Abstract:
Digital signal processing (DSP) employing a differential mean calculation automatically distinguishes sections of blank tape from program material (such as music or voice) on cassette tapes. Blank tape produces a negligible differential mean value while program material produces substantial differential mean values. Thus, each differential mean is compared to a threshold so that a cassette player can be commanded to fast forward through a blank section of tape. A music envelope detector insures that low amplitude music signals are not detected as blank.

Description:
BACKGROUND OF THE INVENTION 
     The present invention relates in general to cassette tape players, such as audio cassettes, and more specifically to detecting blank sections on a cassette tape not containing a recorded program information signal or to detecting blank moments in any signal medium containing gaussian noise. 
     Recorded cassette tapes typically contain blank unrecorded or silent sections between selections (songs) and at the end of one or both sides of the tape. The prior art attempts to detect blanks so that when a blank is encountered during playback that is longer than a predetermined period of time the cassette player automatically fast-winds the cassette tape to the end of the blank (or the end of the tape), providing a feature known as automatic blank skip. The prior art has also detected a blank versus a recorded section of the tape when in automatic music search mode, i.e., when the cassette player fast-winds through recorded sections to find the beginning of a desired selection on the tape as identified by its preceding blank. 
     Prior art identification of a blank is accomplished using a fixed voltage level detector. Specifically, the signal from a tape transducer head is amplified and rectified. When the absolute magnitude (peak or averaged) tape signal is less than a fixed threshold, a blank is detected. An inherent difficulty with this blank detection scheme is that a blank section of tape with a high noise floor is not detected as a blank. Further, a section of tape with a weak or low level program signal (i.e., music, voice, etc.) is detected as a blank. Because of unreliable blank detection, cassette players with automatic blank skip have required a skip control button to override inappropriate autowinding initiated during a nonblank tape section. 
     SUMMARY OF THE INVENTION 
     The present invention provides a new blank tape detector that is able to detect high noise level, unrecorded sections as blanks while detecting very low signal level program recordings as nonblank. Rather than relying on comparison of the absolute magnitude of the tape signal with a fixed threshold, the present invention relies on changes in the amplitude of the tape signal during playback. 
     The apparatus of the invention for detecting blank sections on recorded media comprises a transducer for recovering data signals from the recorded media. An averager averages the data signals over first and second time periods to form first and second averages. A subtractor forms the difference between the first and second averages. A comparator detects an instantaneous blank when the difference is below a predetermined threshold. 

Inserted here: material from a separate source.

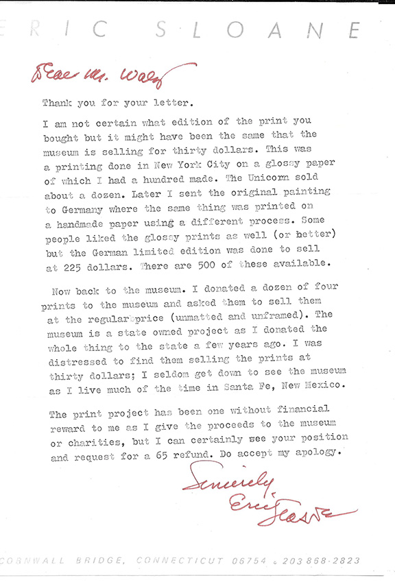 SLOAN, Eric (1905-1985). American landscape painter, illustrator. Choice typed letter signed, one full page on his name/address imprinted letterhead. In his hand he writes: “Dear Mr. Walz”. Sloan sends thanks for a letter and continues: “I am not certain what edition of the print you bought but it might have been the same that the museum is selling for thirty dollars. This was a printing done in New York City on a glossy paper of which I had a hundred made. The Unicorn sold about a dozen. Later I sent the original painting to Germany where the same thing was printed on a handmade paper using a different process. Some people liked the glossy prints as well (or better) but the German limited edition was done to sell at 225 dollars. There are 500 of these available. Now back to the museum, I donated a dozen of four prints to the museum and asked them to sell them at the regular price (unmated and unframed). The museum is a state owned project as I donated the whole thing to the state a few years ago. I was distressed to find them selling the prints at thirty dollars; I seldom get down to see the museum as I live much of the time in Santa Fe, New Mexico. The print project has been one without financial reward to me as I give the proceeds to the museum or charities, but I can certainly see your position and request for a 65 refund. Do accept my apology.” Signed: “Sincerely Eric Sloan”. A wonderful content letter in excellent condition...........................$125.00

     In one important embodiment of the invention, a counter counts occurrences of instantaneous blanks to form a count. The counter is reset when the comparator indicates that the difference is above the predetermined threshold. A second comparator detects a blank section when the count equals a predetermined count. 
     In an another important aspect of the invention, a music envelope detector is provided for detecting the presence of a recorded signal on a cassette tape when soft or low level music is present. A tape signal is sampled from the cassette tape. A plurality of average signals spanning a predetermined envelope time are generated wherein each of the average signals includes a predetermined number of samples of the tape signal. A plurality of difference signals is generated between a predetermined one of the average signals and each remaining one of the average signals. Each of the different signals is compared with a predetermined threshold, and the presence of a recorded signal is indicated if any one of the difference signals is above the predetermined threshold. 
    
    
     BRIEF DESCRIPTION OF THE DRAWINGS 
     FIG. 1 is a plot showing a tape signal from a tape transducer head. 
     FIG. 2 is a schematic diagram of a blank detector according to the present invention. 
     FIG. 3 is a schematic diagram showing an envelope detector according to the present invention. 
    
    
     DETAILED DESCRIPTION OF THE PREFERRED EMBODIMENTS 
     FIG. 1 represents an arbitrary tape signal derived from a magnetic head scanning a tape. The tape signal is an alternating voltage superimposed on a DC bias voltage as is known in the art. The present invention distinguishes between blank tape and recorded program material based on the time varying quality of the tape signal. Specifically, blank tape is characterized by a tape signal having an amplitude that follows a statistical Gaussian distribution. Thus, for any particular cassette tape having a blank section, the variance of the time average amplitude of the tape signal is inversely proportional to the length of time or number of samples considered in forming the average. Thus, if the time average or number of samples is increased sufficiently, the variance of the average magnitude becomes negligible for a particular cassette tape. By determining the average magnitude over a pair of time intervals t 1  and t 2  and shown in FIG. 1, a blank section of tape can be detected when the difference between the successive averages is less than a threshold. On the other hand, if the section of tape includes recorded program signals, then the successive averages of the tape signal are likely to have a difference greater than the threshold. Thus, the present invention provides a differential mean calculation to determine whether successive short segments of the tape signal indicate blank tape or recorded program material. Each averaging period is at least about 3 milliseconds long (at normal playback speed). 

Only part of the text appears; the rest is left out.